Media Contact   for New Analysis Finds Governor Healey’s ClimateTech Initiative Would Generate $16.4 Billion in Economic Activity

Karissa Hand, Press Secretary

Watertown — Governor Maura T. Healey today unveiled a new analysis finding that her ClimateTech Initiative proposed as part of the Mass Leads Act would have a profound economic impact on the state’s economy. The 10-year, $1.3 billion proposal is expected to generate $16.4 billion in economic activity – representing a total 12-to-1 return on investment – and create 6,670 new jobs.

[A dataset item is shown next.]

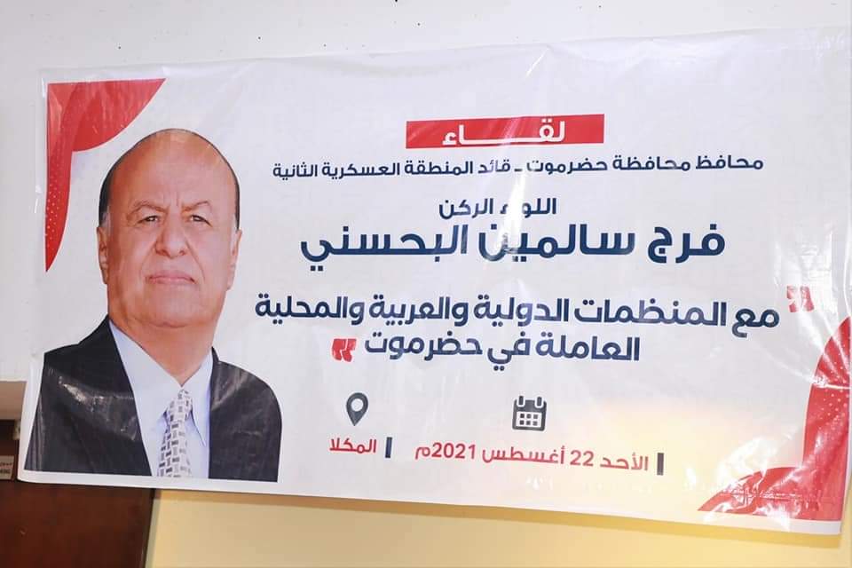 عقد محافظ حضرموت قائد المنطقة العسكرية الثانية اللواء الركن فرج سالمين البحسني، اليوم بالمكلا، لقاءً مع ممثلي المنظمات الدولية والعربية والمحلية العاملة في المحافظة، في إطار اللقاءات التي تنظمها السلطة المحلية مع مختلف المكونات والقوى السياسية والمنظمات والقطاعات، بهدف تدارس الأفكار لمساعدة المواطنين نتيجة لصعوبة المعيشة في ظل الظروف الصعبة وتدهور العملة المحلية.

The first-of-its kind strategy seeks to build off the successful model of the state’s Life Science Initiative to make Massachusetts a global leader in climatetech. 

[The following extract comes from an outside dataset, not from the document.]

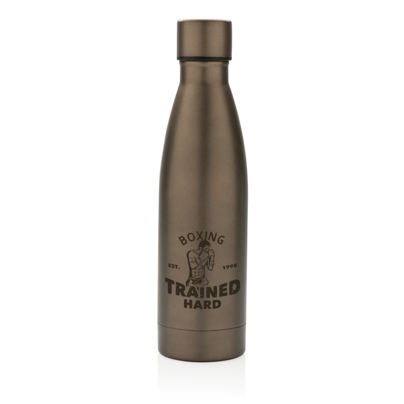 Минималистичная вакуумная бутылка для воды сделана из переработанной нержавеющей стали, соответствует международному стандарту RCS. Двойные стенки позволяют сохранить температуру ваших напитков горячими до 5 и холодными до 15 часов. Универсальный размер, подходит для большинства автомобильных подстаканников. Сертификация RCS гарантирует полный контроль всей цепочки поставок от переработки материала до готового изделия. Содержание вторичного сырья: не менее 85%. Не содержит BPA. Объем: 500 мл. Поставляется в крафтовой коробке, сертифицированной FSC®.

“Investing in climatetech not only gives us the tools to address climate change and protect our planet – it's also an economic winner that will generate billions of dollars in economic activity and create thousands of jobs,” said Governor Healey. “Our Mass Leads Act will make Massachusetts the climate innovation lab for the world and strengthen our economy for generations to come.” 

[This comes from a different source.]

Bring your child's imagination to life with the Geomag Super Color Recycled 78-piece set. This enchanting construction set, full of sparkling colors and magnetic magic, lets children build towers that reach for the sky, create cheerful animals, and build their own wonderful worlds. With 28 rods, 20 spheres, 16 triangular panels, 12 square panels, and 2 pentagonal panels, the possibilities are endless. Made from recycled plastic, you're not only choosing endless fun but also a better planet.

“The results of this economic analysis are profound, but not surprising,” said Lieutenant Governor Kim Driscoll. “We’ve seen the transformative power of our Life Sciences Initiative, and now our administration is applying this homegrown model to the emerging climatetech industry.” 

The Mass Leads Act proposes a total investment of $1.3 billion over 10 years. That includes $400 million in capital investment in offshore wind and early project development, $300 million in operating funds for the MassCEC, $300 million for a climatetech tax incentive program, and $350 million to modify the offshore wind tax credit program.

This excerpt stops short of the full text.